_Extracted records_:
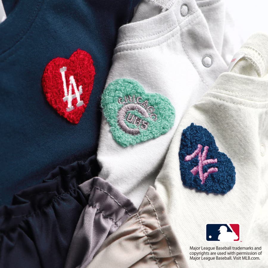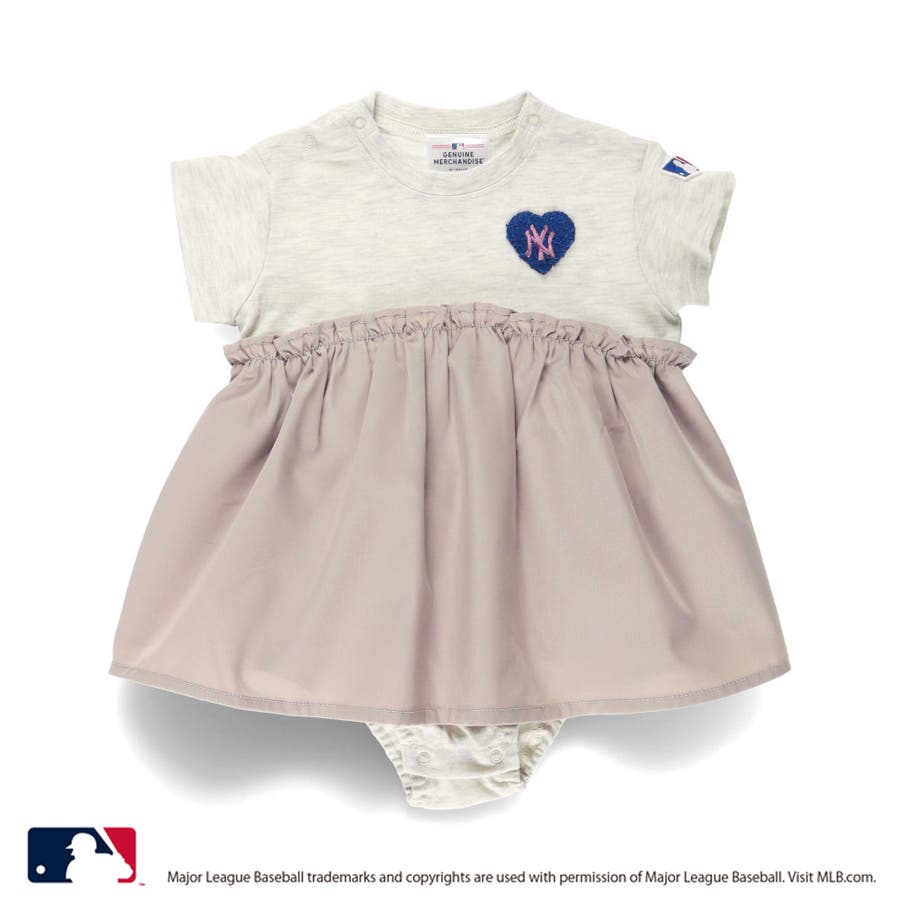 ハートのサガラワッペンがポイントのドッキングワンピース風カバーオールです。
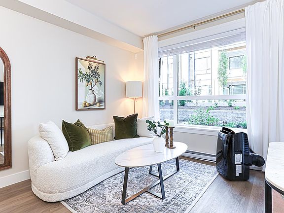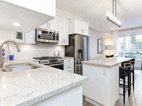 Kensington Gate, by Quadra Homes is a remarkable development , that stands out as a premium choice for those seeking a high-quality living experience. This TOP Floor Jr 2 bed/1 bath suite w large balcony, boasts impressive features such as A/C, 10-foot ceilings, oversized Low E windows, a high quality S/S appliance package w Gas range & Gas BBQ outlet on the balcony. The attention to detail extends to the interiors w shaker cabinetry, vinyl plank flooring, Quartz Counters & Bath w heated tile floors. Outstanding acoustic system between suites & floors. Nestled in a peaceful location, close to schools, parks, shopping, Rest. & easy access to the Freeway. An ideal location w luxurious features and great amenities. A perfect blend of comfort, convenience & style!
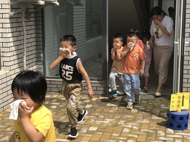 为了进一步提高全体师幼对突发事件的应急能力。2020年6月23日上午,小河中心幼儿园东六园区对全园师生进行了一次消防应急疏散演练活动。
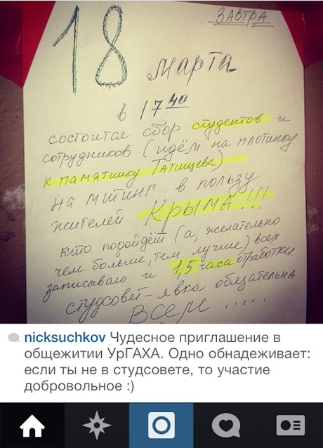 До митинга в поддержку итогов референдума в Крыму остаются считанные часы. «URA.Ru» стал известен один из фактов планируемого подвоза. Руководство УралГАХА обязало некоторых студентов явиться в 18.00 на площадь Труда. Объявление об этом, размещенное в общежитии академии, появилось сегодня в Интернете. «В 17.40 состоится сбор студентов и сотрудников (идем к памятнику Татищева) на митинг в пользу жителей Крыма!!! Кто подойдет (а желательно чем больше, тем лучше) всех записываю и 1,5 часа отработки. Студсовет — явка обязательна всем», — гласит бумага.
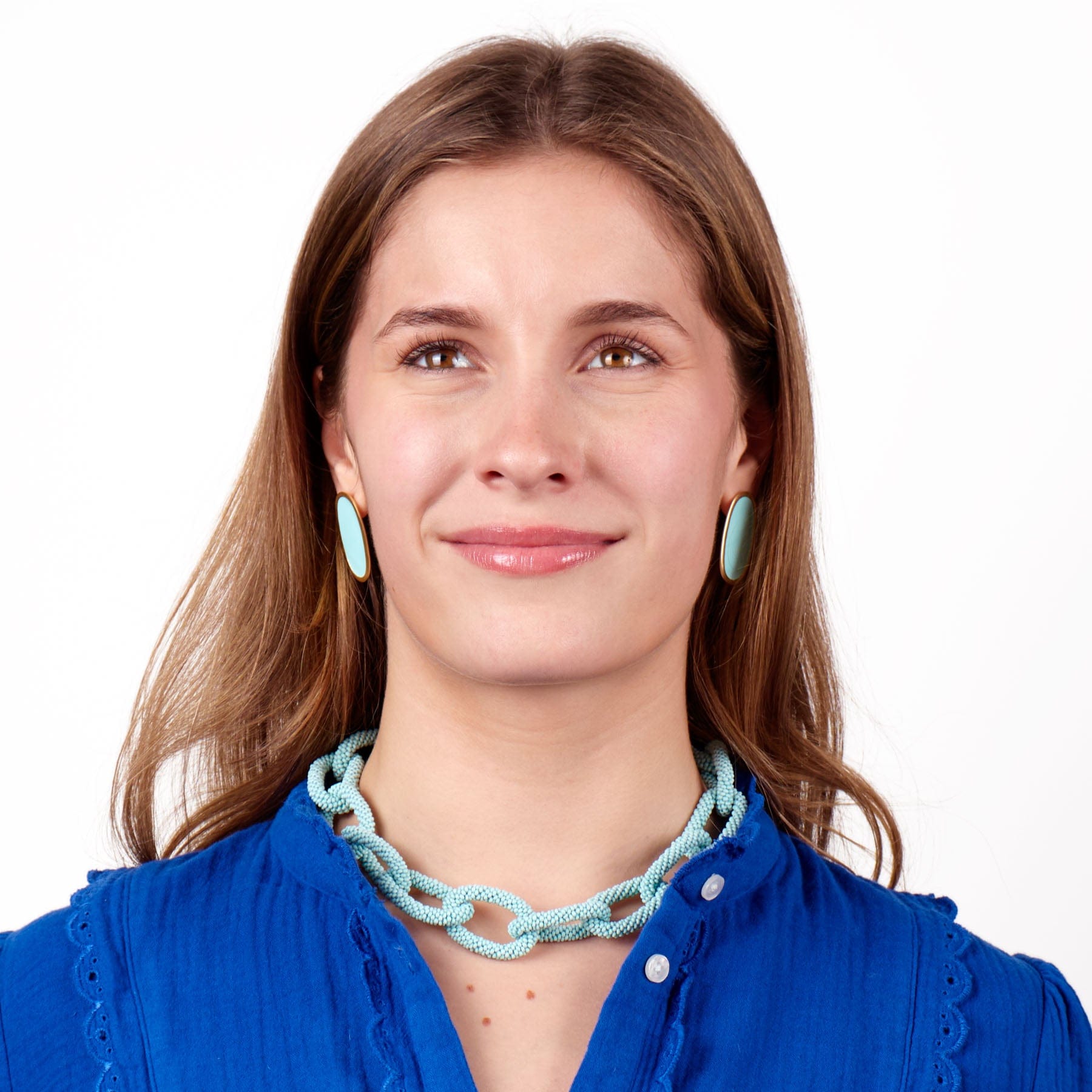 • Beaded chain-link necklace with a modern, structured feel
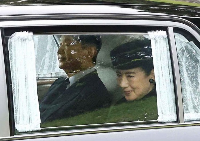 天皇、皇后両陛下は15日、三笠宮妃百合子さまのご遺体が安置された赤坂御用地(東京都港区)内の三笠宮邸を弔問された。皇居を車で出発した両陛下は午後0時10分ごろ、巽門から御用地内に入った。天皇陛下は黒のスーツ姿、皇后さまは黒の服と帽子を着用。弔問を終え、約15分後に南門から出た。
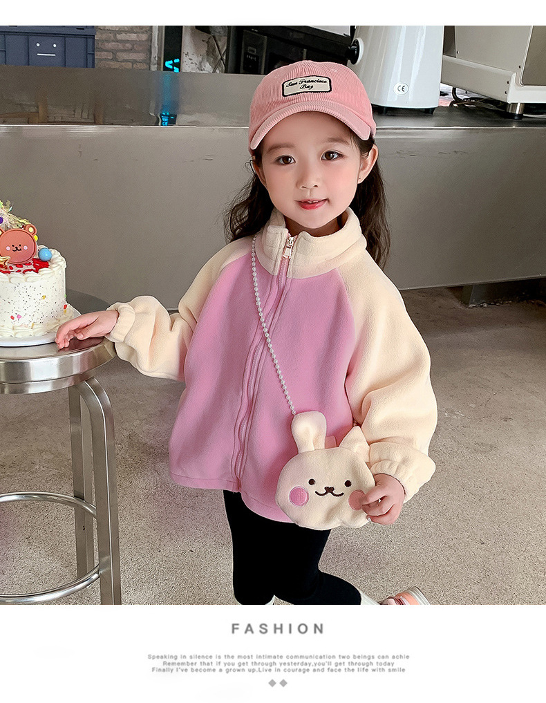 봄과 가을 새로운 아동복 여아 폴라루스 코트 어린이 캐주얼 따뜻한 지퍼 셔츠 어린이 긴팔 스포츠 탑

_Try it_: Leave the images out and transcribe the remaining data above word for word.

_Problem solution_:
 ハートのサガラワッペンがポイントのドッキングワンピース風カバーオールです。
 Kensington Gate, by Quadra Homes is a remarkable development , that stands out as a premium choice for those seeking a high-quality living experience. This TOP Floor Jr 2 bed/1 bath suite w large balcony, boasts impressive features such as A/C, 10-foot ceilings, oversized Low E windows, a high quality S/S appliance package w Gas range & Gas BBQ outlet on the balcony. The attention to detail extends to the interiors w shaker cabinetry, vinyl plank flooring, Quartz Counters & Bath w heated tile floors. Outstanding acoustic system between suites & floors. Nestled in a peaceful location, close to schools, parks, shopping, Rest. & easy access to the Freeway. An ideal location w luxurious features and great amenities. A perfect blend of comfort, convenience & style!
 为了进一步提高全体师幼对突发事件的应急能力。2020年6月23日上午,小河中心幼儿园东六园区对全园师生进行了一次消防应急疏散演练活动。
 До митинга в поддержку итогов референдума в Крыму остаются считанные часы. «URA.Ru» стал известен один из фактов планируемого подвоза. Руководство УралГАХА обязало некоторых студентов явиться в 18.00 на площадь Труда. Объявление об этом, размещенное в общежитии академии, появилось сегодня в Интернете. «В 17.40 состоится сбор студентов и сотрудников (идем к памятнику Татищева) на митинг в пользу жителей Крыма!!! Кто подойдет (а желательно чем больше, тем лучше) всех записываю и 1,5 часа отработки. Студсовет — явка обязательна всем», — гласит бумага.
 • Beaded chain-link necklace with a modern, structured feel
 天皇、皇后両陛下は15日、三笠宮妃百合子さまのご遺体が安置された赤坂御用地(東京都港区)内の三笠宮邸を弔問された。皇居を車で出発した両陛下は午後0時10分ごろ、巽門から御用地内に入った。天皇陛下は黒のスーツ姿、皇后さまは黒の服と帽子を着用。弔問を終え、約15分後に南門から出た。
 봄과 가을 새로운 아동복 여아 폴라루스 코트 어린이 캐주얼 따뜻한 지퍼 셔츠 어린이 긴팔 스포츠 탑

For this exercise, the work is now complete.